EXERCISE GOAL. Reproduce the listing below from the line with "Что касается особенностей" to the line with "Inside, the mouse", both lines included, character for character, minus any pictures.

PROVIDED DATA.
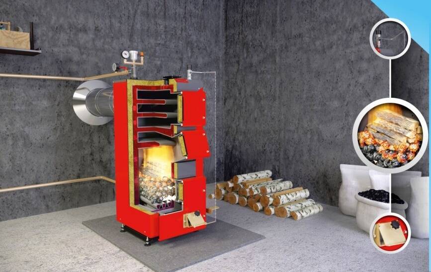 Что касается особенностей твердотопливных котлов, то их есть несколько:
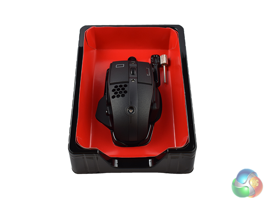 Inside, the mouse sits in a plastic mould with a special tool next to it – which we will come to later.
...
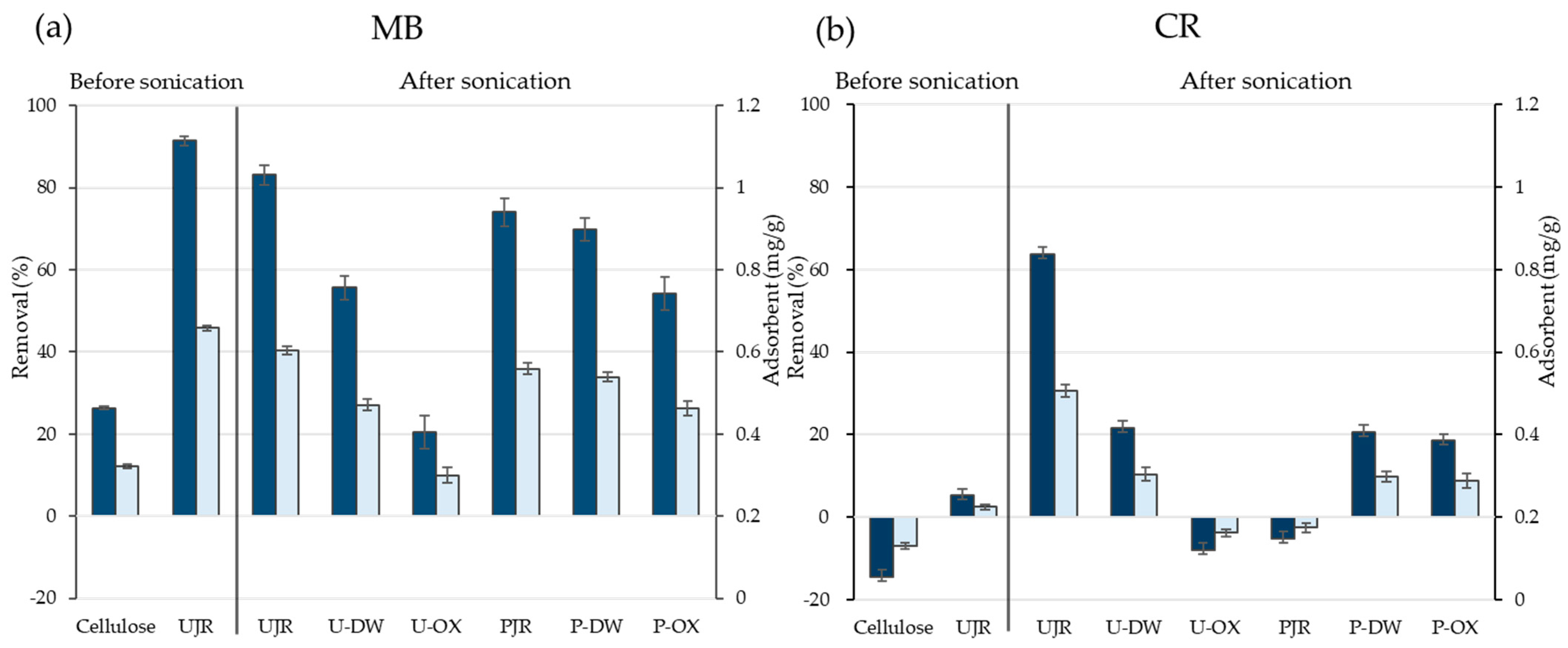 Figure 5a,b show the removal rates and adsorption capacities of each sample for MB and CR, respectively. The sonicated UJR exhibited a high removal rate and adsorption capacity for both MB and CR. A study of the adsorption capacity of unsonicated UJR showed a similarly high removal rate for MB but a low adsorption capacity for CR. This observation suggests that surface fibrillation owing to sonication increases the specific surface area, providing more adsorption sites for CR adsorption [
...
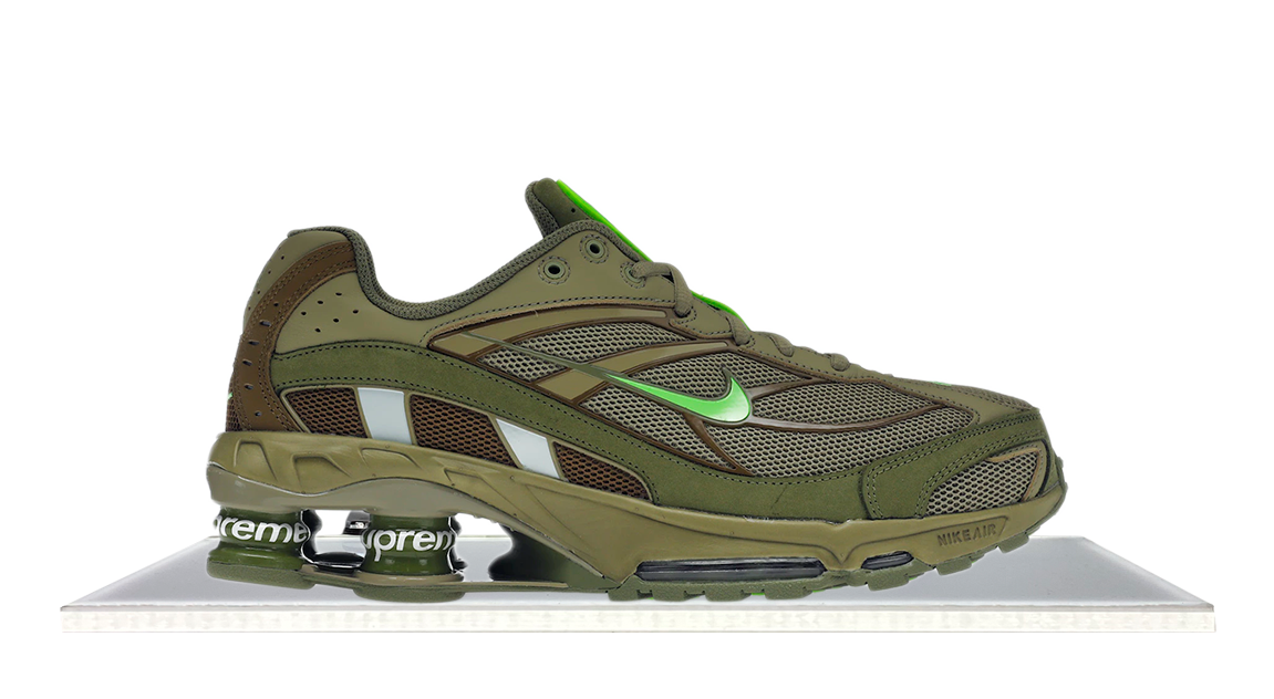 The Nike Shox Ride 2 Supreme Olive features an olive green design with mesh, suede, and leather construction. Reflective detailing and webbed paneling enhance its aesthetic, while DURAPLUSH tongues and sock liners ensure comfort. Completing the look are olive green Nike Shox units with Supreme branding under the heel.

OUTPUT BELOW.
 Что касается особенностей твердотопливных котлов, то их есть несколько:
 Inside, the mouse sits in a plastic mould with a special tool next to it – which we will come to later.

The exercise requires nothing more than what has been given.